Genocide campaigners raise alarm over Telegraph bidder’s Chinese links

Uyghur campaigners have called on the Culture Secretary to prevent the proposed acquisition of The Telegraph by an investment firm with links to the Chinese leadership.
In a letter to Lisa Nandy, Stop Uyghur Genocide expressed “grave concern” over RedBird Capital Partners’ planned £500m takeover.
Rahima Mahmut, the campaign’s executive director, told Ms Nandy that John Thornton, RedBird’s chairman, had “a deeply troubling record of alignment with the Chinese Communist Party (CCP), including on the issue of the Uyghur homeland (Xinjiang)”.
Mr Thornton, a 71-year-old former Goldman Sachs banker with a portfolio of jobs linked to China, reportedly sparked concern in the US government in 2021 when he travelled to Xinjiang as the guest of the Chinese leadership.
A report in The South China Morning Post compared the visit to Henry Kissinger’s secret 1971 trip to meet the Chinese premier.
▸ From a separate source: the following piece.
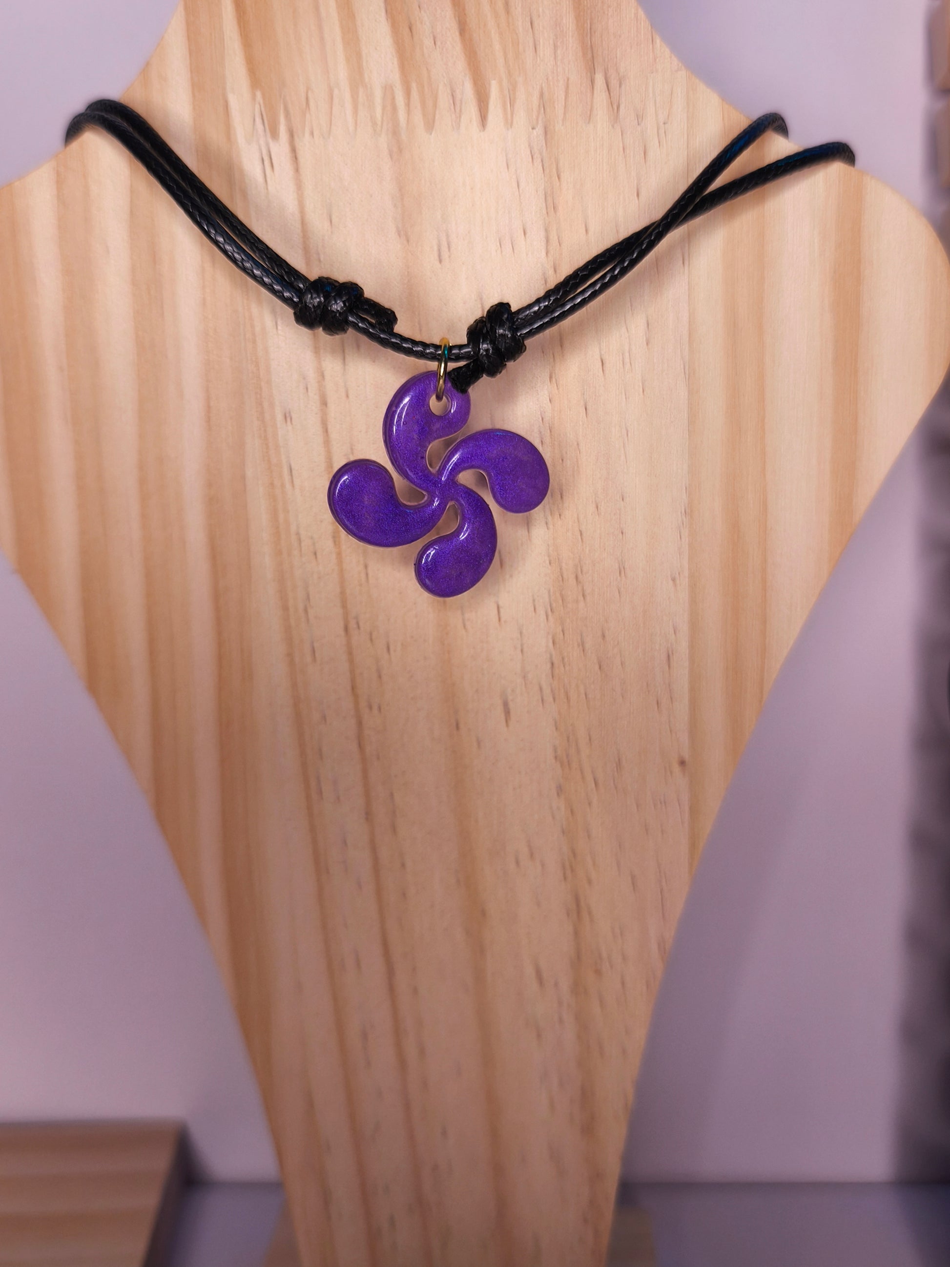 Un collier violet qui suspend la Croix Basque près du cœur, pour garder avec soi la bienveillance et la force tranquille d’Ossès

A senior official in Joe Biden’s administration reportedly described Mr Thornton’s freelance mission to Xinjiang as “frustrating, annoying and counter-productive”.
Months before Mr Thornton’s visit, MPs declared China’s persecution of its Muslim Uyghur minority a genocide. The RedBird chairman, who has repeatedly supported CCP economic and political policies, said privately that Western concern about Uyghur suffering was an “over-reaction”, Ms Mamhut alleged in her letter, which was sent in the summer.
She told Ms Nandy: “At a time when survivors of the camps, including myself, were testifying publicly about systematic rape, forced sterilisation, and mass internment, Thornton travelled to the Uyghur homeland (Xinjiang) as a guest of the Chinese government.”
RedBird and Mr Thornton did not comment on the criticism of his visit to Xinjiang. Ms Nandy’s officials acknowledged the letter and pledged that “thorough due diligence will be conducted” on the bid.